"""

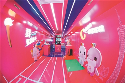 全运主题巴士内部空间充满吸引力。
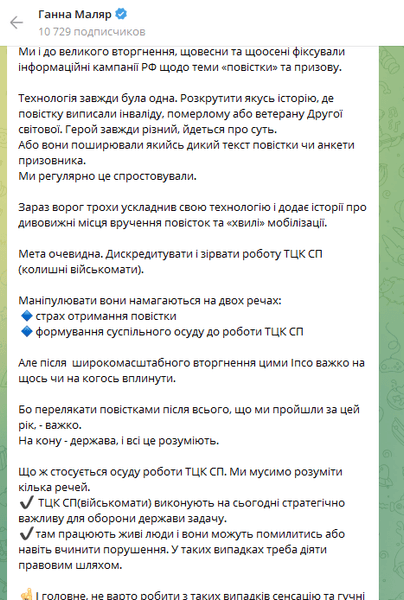 "Сейчас противник немного усложнил свою технологию и добавляет истории об удивительных местах вручения повесток и "волнах" мобилизации. Манипулировать он пытается на двух вещах: страх получения повестки, формирование общественного осуждения к работе ТЦК СП (территориальных центров комплектования и соцподдержки — ред.)", — добавила Маляр.
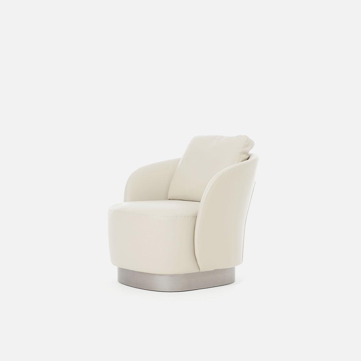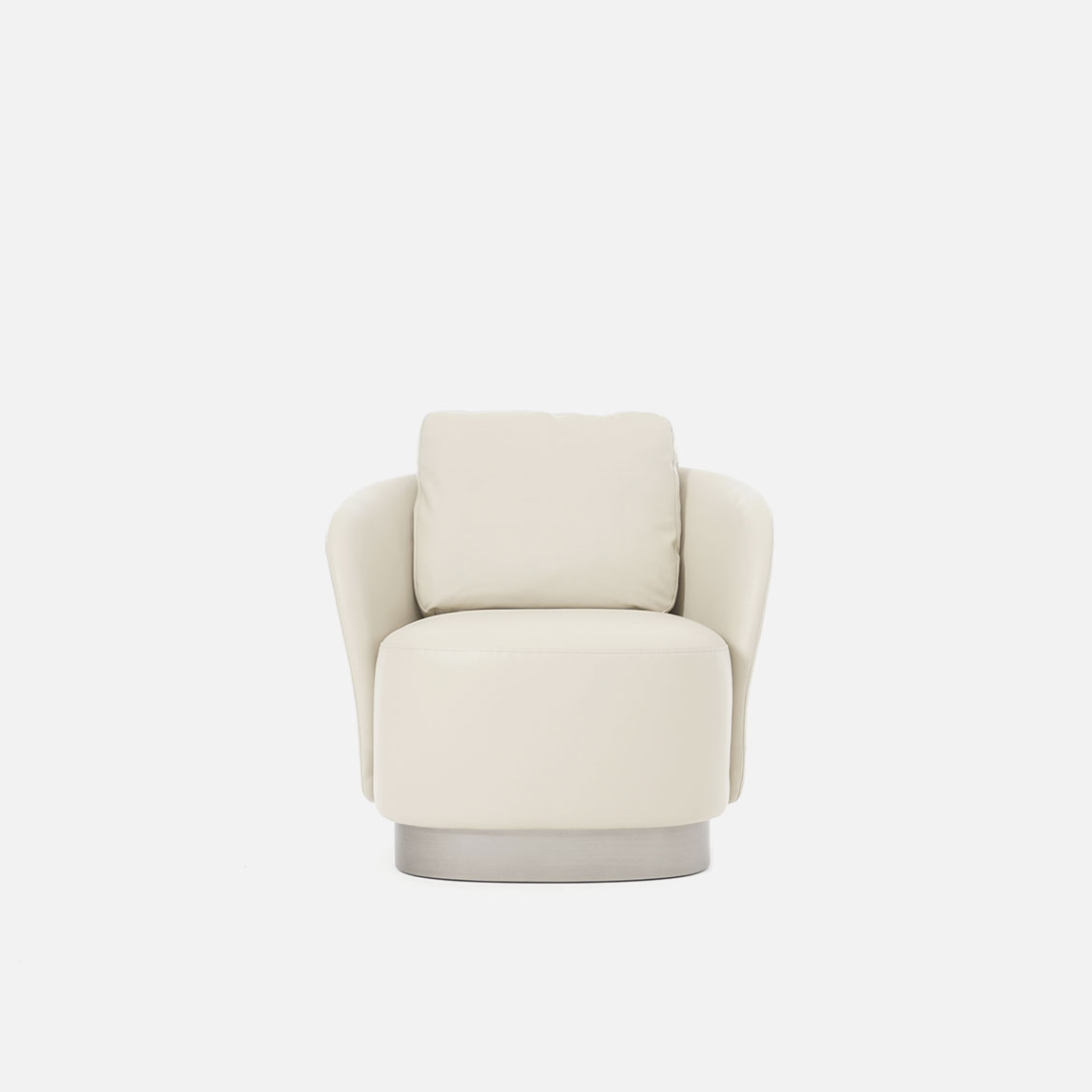 Peaceful design of Bonamico; The large seating area, surrounded by the elegant arm and back part in great harmony, integrates with the soft and comfortable back cushion and stylish metal legs.

"""

[YOUR GOAL]: Your copy should start at the line with "противник немного усложнил", stop at the last line of the listing above, match exactly, and contain no pictures.

[SOLUTION TO THIS PROBLEM]:
 "Сейчас противник немного усложнил свою технологию и добавляет истории об удивительных местах вручения повесток и "волнах" мобилизации. Манипулировать он пытается на двух вещах: страх получения повестки, формирование общественного осуждения к работе ТЦК СП (территориальных центров комплектования и соцподдержки — ред.)", — добавила Маляр.
 Peaceful design of Bonamico; The large seating area, surrounded by the elegant arm and back part in great harmony, integrates with the soft and comfortable back cushion and stylish metal legs.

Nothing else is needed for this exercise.